## What is required
Transcribe the entries exactly as they stand below, passing over any picture.

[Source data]
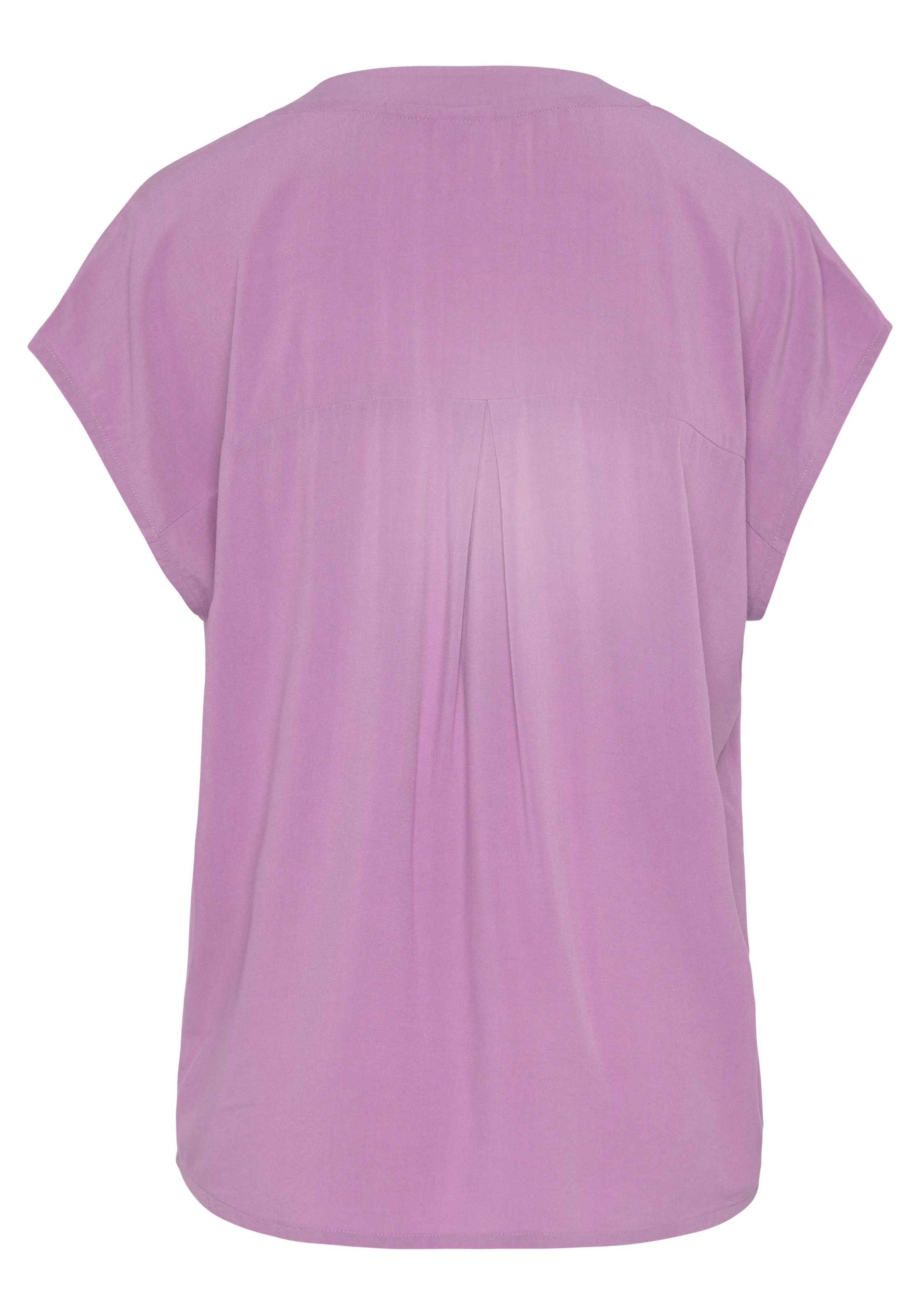 Bluse von Lascana. V-Ausschnitt mit 2 Knöpfen. Kurze Ärmel. Abgerundeter Saumabschluss. Länge ca. 62 cm. 100% Viskose aus verbesserter Rohstoffbeschaffung.
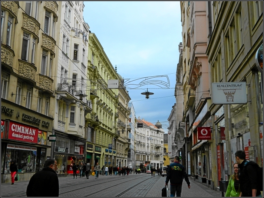 Главная улица Брно — Masarykova — идет от железнодорожного вокзала к площади Свободы.
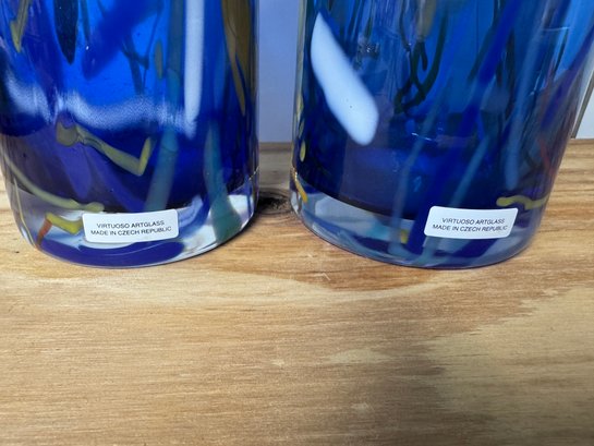Pair of Czech Cobalt Blue 11.5" Vases, these are in excellent condition.
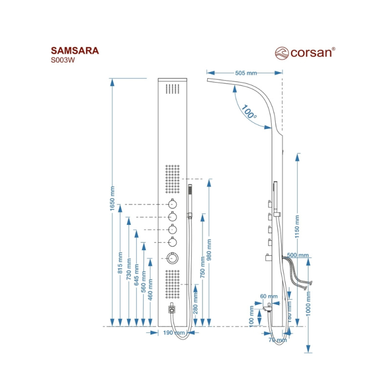 Corsan Samsara Panel prysznicowy z deszczownicą z wylewką grafit GunMetal S003MGMW
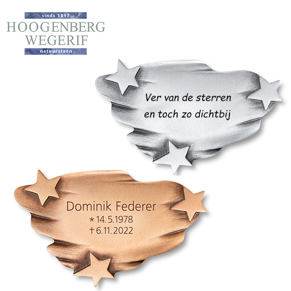 Bij Hoogenberg-Wegerif wordt elk gedenkteken met zorg en vakmanschap vervaardigd. De bronzen uitvoering straalt warmte en elegantie uit, terwijl het aluminium een moderne en subtiele uitstraling biedt. Beide materialen zijn duurzaam en bestand tegen invloeden van buitenaf, waardoor de herinnering voor altijd bewaard blijft. De mogelijkheid tot personalisatie met een naam, datum of korte tekst maakt elk exemplaar uniek en persoonlijk.

## Completed exercise
 Bluse von Lascana. V-Ausschnitt mit 2 Knöpfen. Kurze Ärmel. Abgerundeter Saumabschluss. Länge ca. 62 cm. 100% Viskose aus verbesserter Rohstoffbeschaffung.
 Главная улица Брно — Masarykova — идет от железнодорожного вокзала к площади Свободы.
Pair of Czech Cobalt Blue 11.5" Vases, these are in excellent condition.
 Corsan Samsara Panel prysznicowy z deszczownicą z wylewką grafit GunMetal S003MGMW
 Bij Hoogenberg-Wegerif wordt elk gedenkteken met zorg en vakmanschap vervaardigd. De bronzen uitvoering straalt warmte en elegantie uit, terwijl het aluminium een moderne en subtiele uitstraling biedt. Beide materialen zijn duurzaam en bestand tegen invloeden van buitenaf, waardoor de herinnering voor altijd bewaard blijft. De mogelijkheid tot personalisatie met een naam, datum of korte tekst maakt elk exemplaar uniek en persoonlijk.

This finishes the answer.